Picture 100 C-level managers from a Fortune 500 company sitting around 8-foot round tables in an air conditioned carpeted ballroom. 70 percent men. 30 percent international, from India, Europe, South Korea and Singapore. In your minds eye, what are they doing? writing? talking? learning? planning?...singing?!

Starting at 7am, I discretely sat along the wall of this room, my heart pounding right into my throat. I listened attentively as my colleague and mentor Moe Carrick slowly and skillfully warmed them up to the idea that courage and vulnerability are inevitably intertwined, that courage and vulnerability are learned skills not innate attributes, that we're avoiding tough conversations at work because we often lack these skills, and that our avoidance is costing us in squandered time and dissatisfied employees.

"How are you feeling?" she asked. Silence. "You all do know what feelings are, right?" Mumbled laughter.

After lunch, with the Dare to Lead™ concepts fresh on minds of these leaders, it was time to practice. With no preamble, I strummed up a bass line on my guitar and started singing "if you get too worried, what you ought to do is sing." I looked into these peoples' eyes as I sang. I saw faces that said "wow, this is cool." I saw other faces that said "get me out of this room right now."

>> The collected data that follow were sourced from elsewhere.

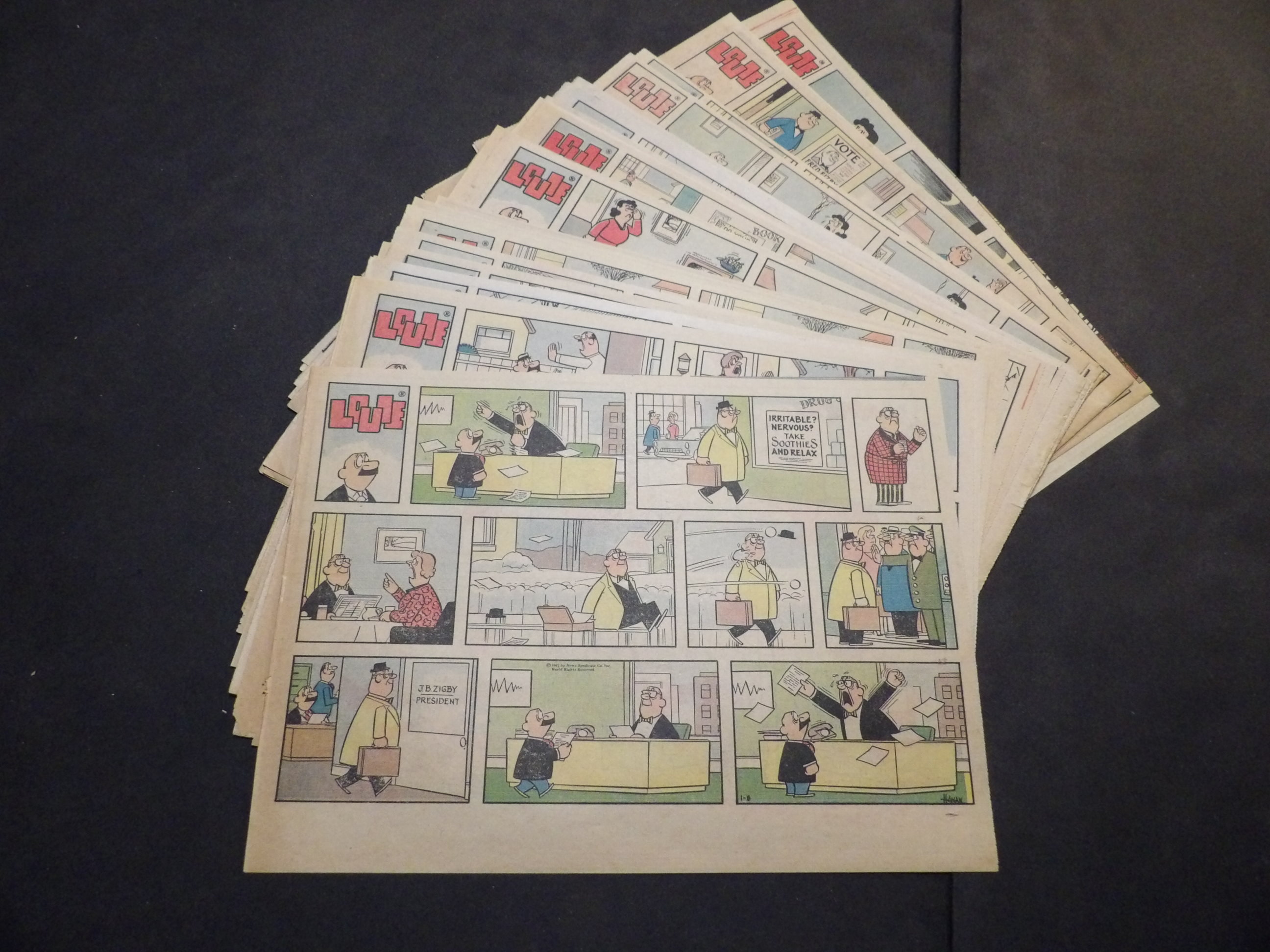 | 0910-0077 | Louie | 1960 - 5T, 7TH, 1HT | G/G/G-VG | $7.75 | by Harry Hanan, On reverse The Good Old Days(5HT), There Oughta be a Law(5HT) (1/3-2/14, 3/20, 5/15, 9/4, 10/23, 11/27, 12/4) |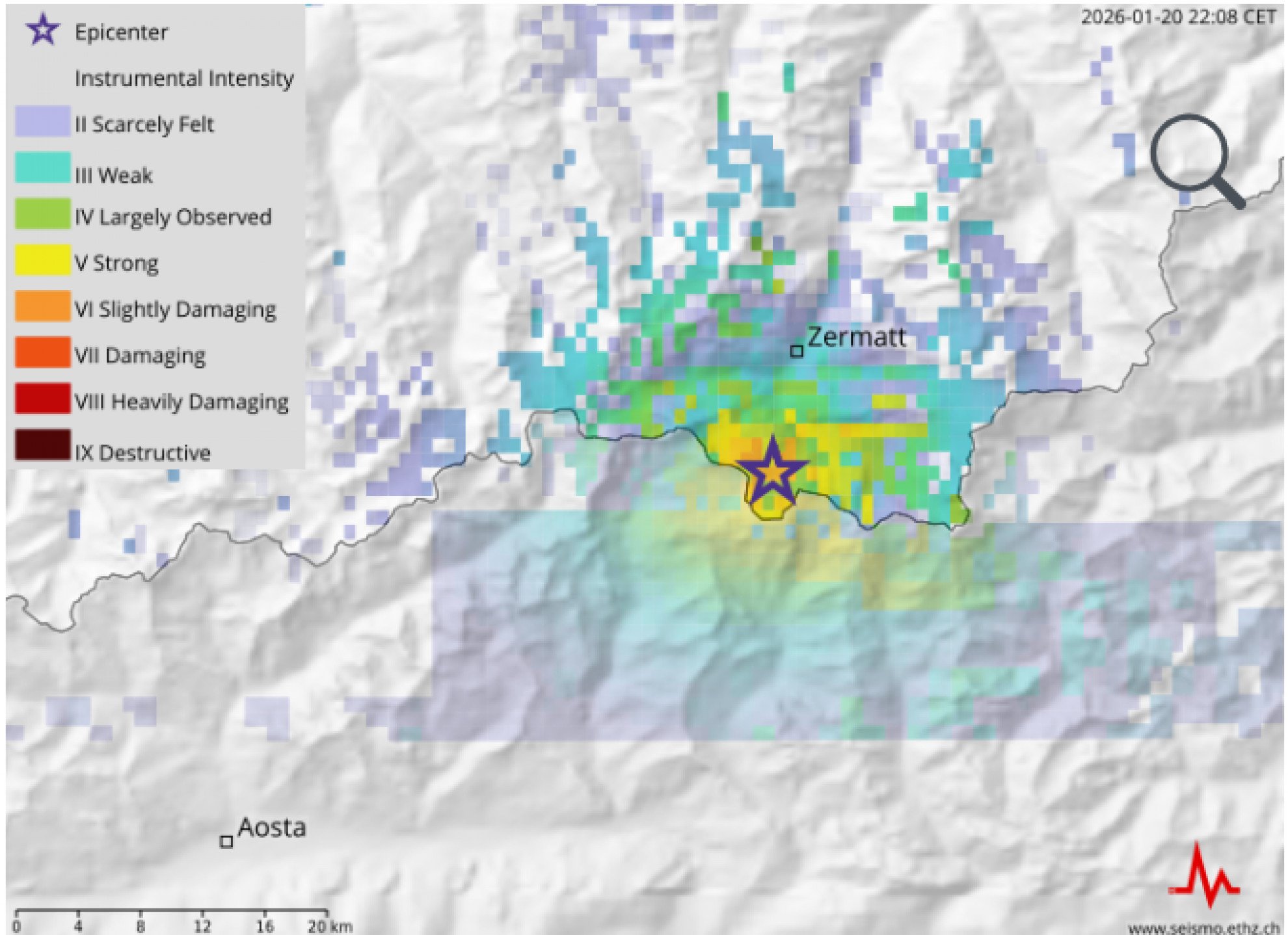 Il terremoto è stato registrato alle 21.21 a circa 9 km a sud di Zermatt, scrive il SED. Normalmente da una scossa di questa magnitudo non si attendono danni.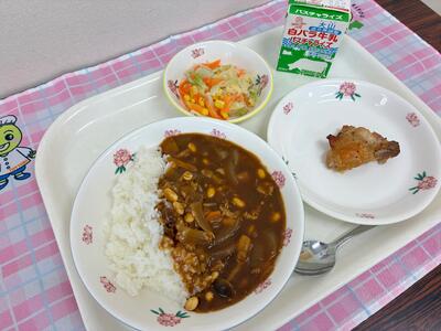 ご飯、ガーリックチキン、コールスローサラダ、三朝神倉大豆入りハヤシライス、牛乳

"So, we're going to be singing, together," I began. Laughter. "Groups of people who work together have use singing as a technology of belonging for thousands of years. Research about non-performance group singing shows it boosts our oxytocin and endorphin levels, creating trust and connection, and lowers our cortisol levels, relaxing our whole system. Singing is inherently vulnerable. You cannot engineer the discomfort out of it. My hope is to leave you all with a kinesthetic, physical experience of what vulnerability feels like in your body so that you can practice leading through discomfort."

I was seriously nervous going into this session. Here I was, probably the one of the youngest people in the room, asking everyone to get waaaay outside their comfort zone. But I trust in the work, I trust in the singing. And to my great relief, I saw the value this brought to these leaders.

After singing together, taking risks, making mistakes and listening, these leaders seemed more able to identify their feelings (less in their heads). They experienced vulnerability (which is practicing courage) and felt the benefits when they heard how great we sounded.

If, as Brené Brown claims, a leader is someone who "takes responsibility for finding the potential in people and processes, and who has the courage to develop that potential," group singing is a juicy metaphor. For a group song to take off, we actually have to listen more than we sing. We listen 60 percent and sing 40 percent. We lean into the group potential more than we're focused on our own part. Our greatest contribution is in noticing others, even as we do our own work.